As mentioned below, at the time of the verdict many were speculating that the Department of Justice would investigate the murder of a young, unarmed African-American man at the hands of a white cop. That speculation was on the mark as the Department of Justice has confirmed that its civil rights division will investigate the murder as a civil rights crime. If convicted of federal charges, Mehserle will face more than the 2-4 years an involuntary manslaughter conviction carries.
The background of the crime and trial follows:
New Year’s Day, 2009, Oakland police received a report of a fight on a Bay Area Rapid Transit (BART) train. When the officers arrived at the scene they detained a group of five men, including a 22-year-old African American male named Oscar Grant.
A short time later transit police officer Johannes Mehserle, 28 and white, arrived on the scene as well. Grant, unarmed and accused of no crime, was being held by officers, face down on the ground. With one officer kneeling on Oscar Grant’s neck, Officer Mehserle shot Grant in the back, killing the young man who witnesses say had been trying to diffuse the situation.
Mehserle was removed from duty and charged in Grant’s murder. Due to the extensive media coverage his trial was moved from Oakland to Los Angeles. Not a single African-American sat on the Mehserle jury and, stunningly, Los Angeles prosecutors have not won a murder conviction in a police shooting since 1983.

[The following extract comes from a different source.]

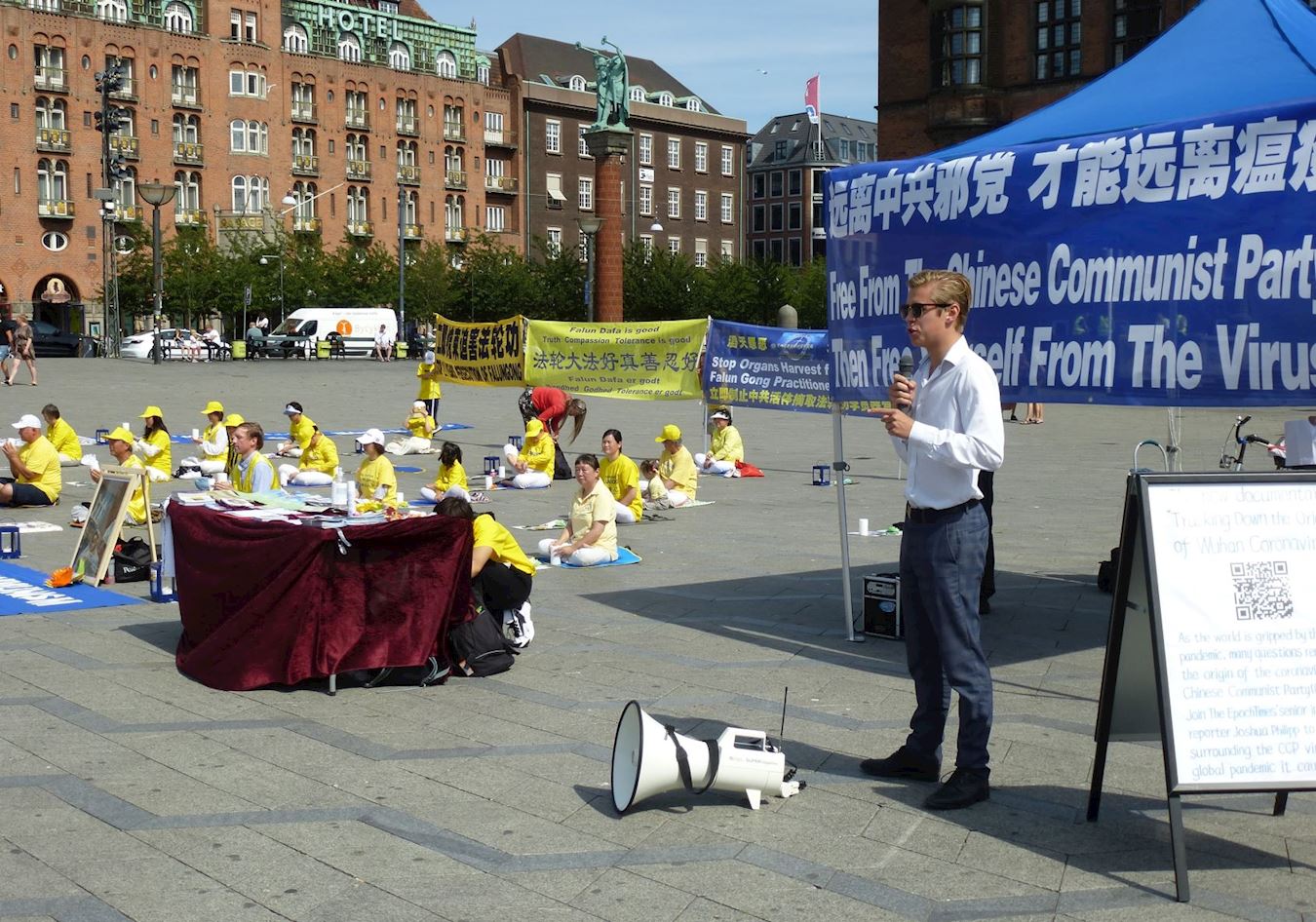 当天,丹麦人权组织“谴责中国(中共)”(Kinakritik)的主席托马斯。偌登(Thomas Rohden )前来参加法轮功学员的活动,他说:“我们现在看到的是中共企图摧毁全世界自由的开始。中共毫不在意人的生命。我们看到,法轮功学员的器官被中共盗卖到全世界。我们看到,新疆维吾尔人被中共送进了集中营。但是我们丹麦人却不知道这些血淋淋的事实!”

During the trial Mehserle testified that he accidentally drew his gun, located on his right side and fired. Mehserle testified that he had thought he was going for his taser, kept on his left side. The question as to why an already subdued witness needed tasing, let alone a bullet in the back, was never answered. Furthermore, Mehserle could not explain how he confused his handgun with the differently weighted and differently sized taser.
Ultimately though Mehserle’s flimsy explanation was enough for Los Angeles jurors who, after about six hours of deliberation spread out over two days found the former officer guilty of involuntary manslaughter, a charge that carries a two to four year sentence. Mehserle had faced a second degree-murder charge, which had he been convicted, carries a sentence of 15 years to life.
The involuntary manslaughter conviction is cold comfort for anyone seeking justice in Grant’s murder. Instead what was offered up was another reminder that when crime victims are black there is rarely a just turn in the system. The entire episode was caught on tape, so take a look for yourself and ask, just how involuntary were Mehserle’s actions?
Mehserle will be sentenced on August 6th. In the meantime the Oakland community, and those of us who feel the sting of this brutality nationwide, must come to grips with another example of the ingrained and embedded racism inherent in our criminal justice system. When an injustice like the Grant verdict occurs it taints not just the relations between law enforcement and the African-American community, but the entire criminal justice and civic structure of our communities. Grant was an unarmed man, laying face down with an officer on his back. Mehserle stood up and deliberately shot him. There was nothing involuntary about it. After the verdict was read rumors started circulating that the Department of Justice was considering taking up the case for federal prosecution. I sure hope they do because if our justice system is to work at all the elements of fundamental fairness must be respected and they must be believed. But the jurors in Los Angeles yesterday gave us no reason to believe in either fairness or justice for the family of Oscar Grant or for any other non-white crime victim in this country.